*** Begin section ***

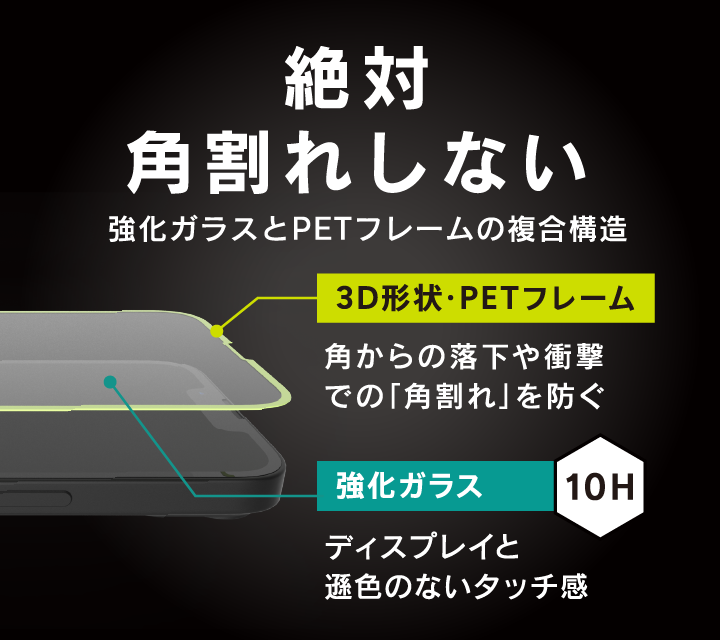 PETフレーム+ガラスの複合素材で、ディスプレイをフルカバーする究極の立体成型最強プロテクターです。
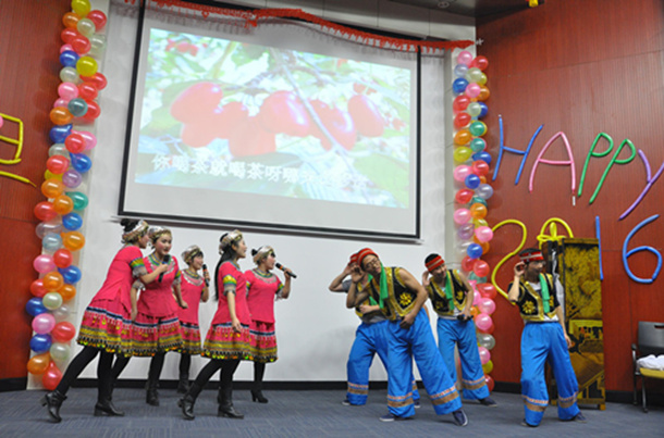 元旦晚會以一曲熱情洋溢的舞蹈《LUV》拉開了序幕。隨后,令人捧腹的小品、婀娜多姿的舞蹈、飽含深情的歌聲,一次次將晚會推向高潮。特別是悅耳的《十口茶》、逗樂的《新白娘子新編》,融入生物醫藥公司產品元素,在歡樂中進一步宣傳了產品。最后,一曲《相親相愛》拉近了所有人的距離,“我們是一家人,相親相愛的一家人”,道出了生物醫藥這個大家庭的心聲:我們是一起為共同的事業而努力奮斗的一家人!
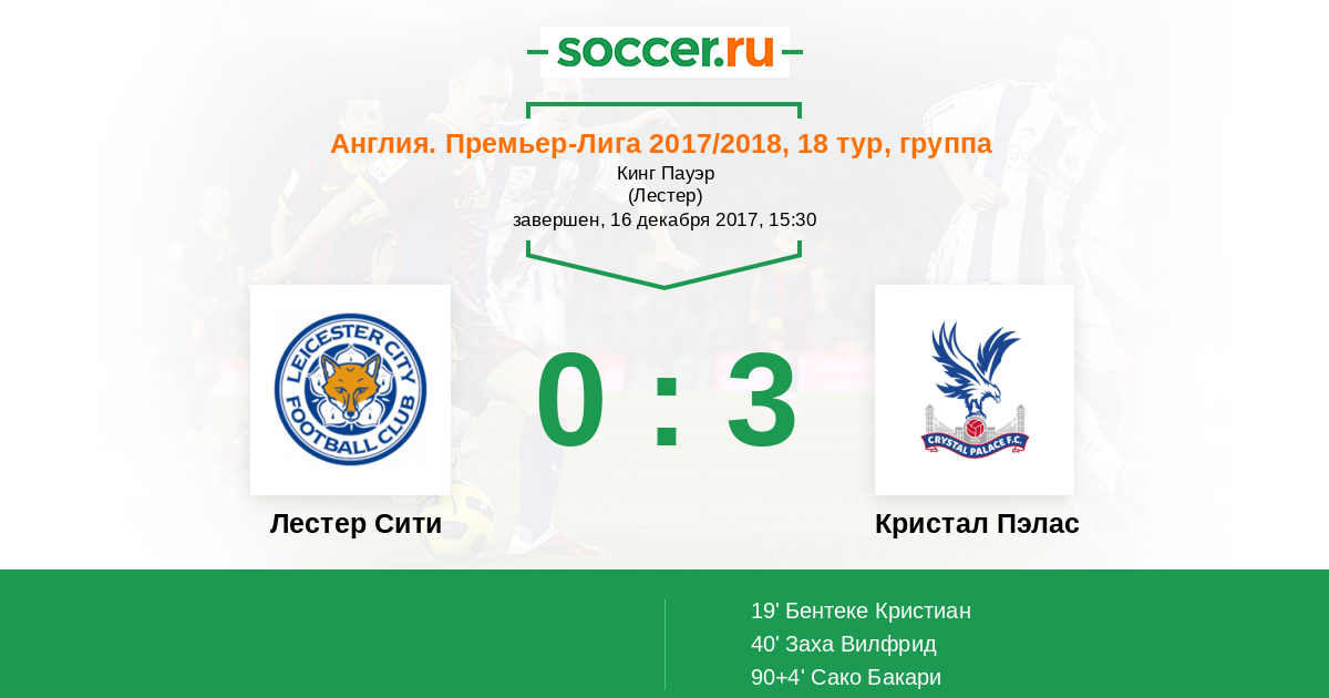 Уилфрид Заа (Кристал Пэлас) отличный проход совершил и нанес удар в нижний левый угол ворот, Каспер Шмейхель был бессилен. Он меняет счет - 0:2.
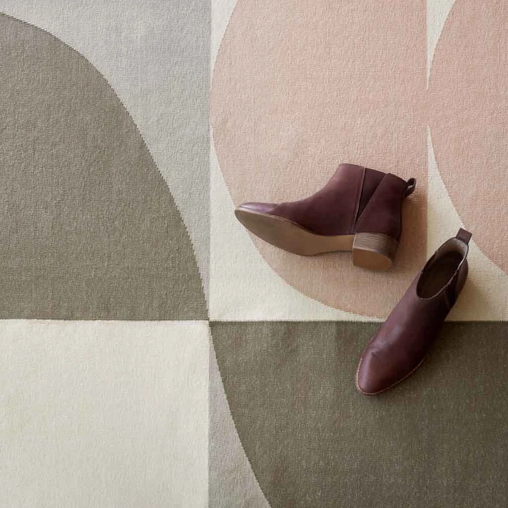 Handwoven horizontally on the ground to achieve maximum precision, each rug is made from 100% cotton that’s dyed and spun in-house. From prepping the yarn to weaving, washing, and finishing, each rug is made in a fair trade working environment in Jaipur, India.
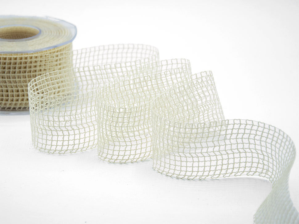 Retina 50 MM Vaniglia. Rete per confezioni e decorazioni tessuta con un filato cotoniero, opaco, dall'aspetto molto naturale, anche detta rete Africa. Codice colore# 59 - CONFEZIONATO IN BOBINA DA METRI 15
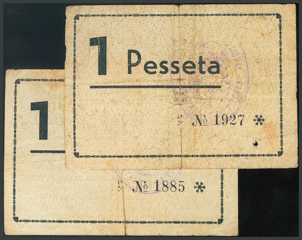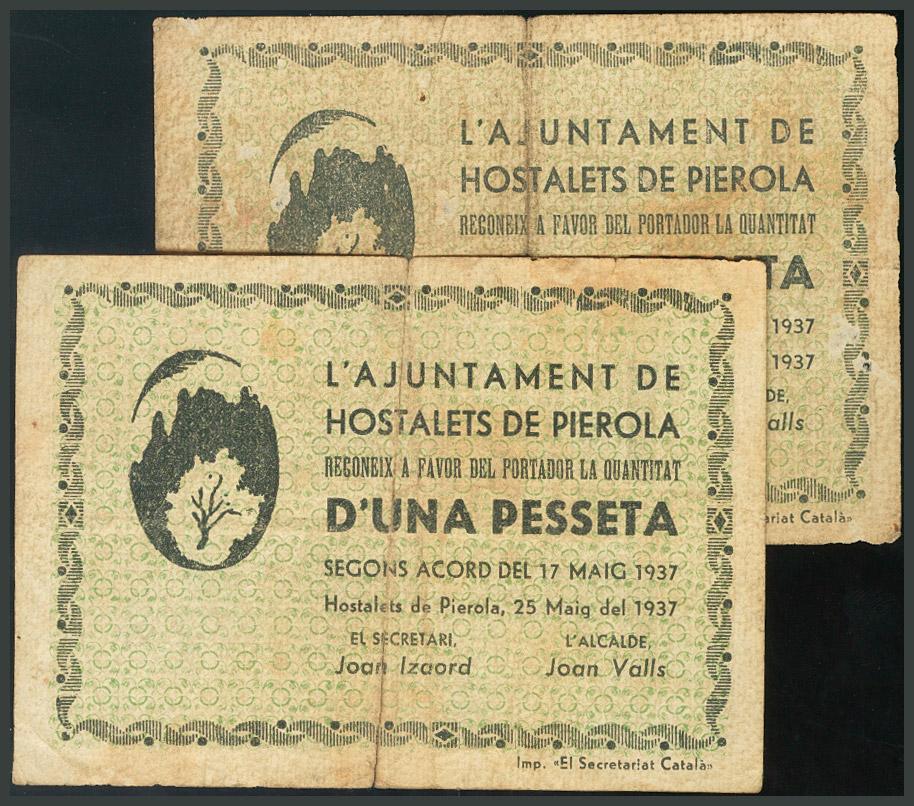 AJUNTAMENT DE HOSTALETS DE PIEROLA. (BARCELONA). 1 Peseta (2). 1937. Marca del Ayuntamiento al dorso. (Montaner: 768C). BC-/MC. Escasos.

*** End section ***

| ASSIGNMENT |
Up to and including the line with "元旦晚會以一曲熱情洋溢的舞蹈", copy the data above from its first line. Skip pictures.

| RESULT OF THE EXERCISE |
 PETフレーム+ガラスの複合素材で、ディスプレイをフルカバーする究極の立体成型最強プロテクターです。
 元旦晚會以一曲熱情洋溢的舞蹈《LUV》拉開了序幕。隨后,令人捧腹的小品、婀娜多姿的舞蹈、飽含深情的歌聲,一次次將晚會推向高潮。特別是悅耳的《十口茶》、逗樂的《新白娘子新編》,融入生物醫藥公司產品元素,在歡樂中進一步宣傳了產品。最后,一曲《相親相愛》拉近了所有人的距離,“我們是一家人,相親相愛的一家人”,道出了生物醫藥這個大家庭的心聲:我們是一起為共同的事業而努力奮斗的一家人!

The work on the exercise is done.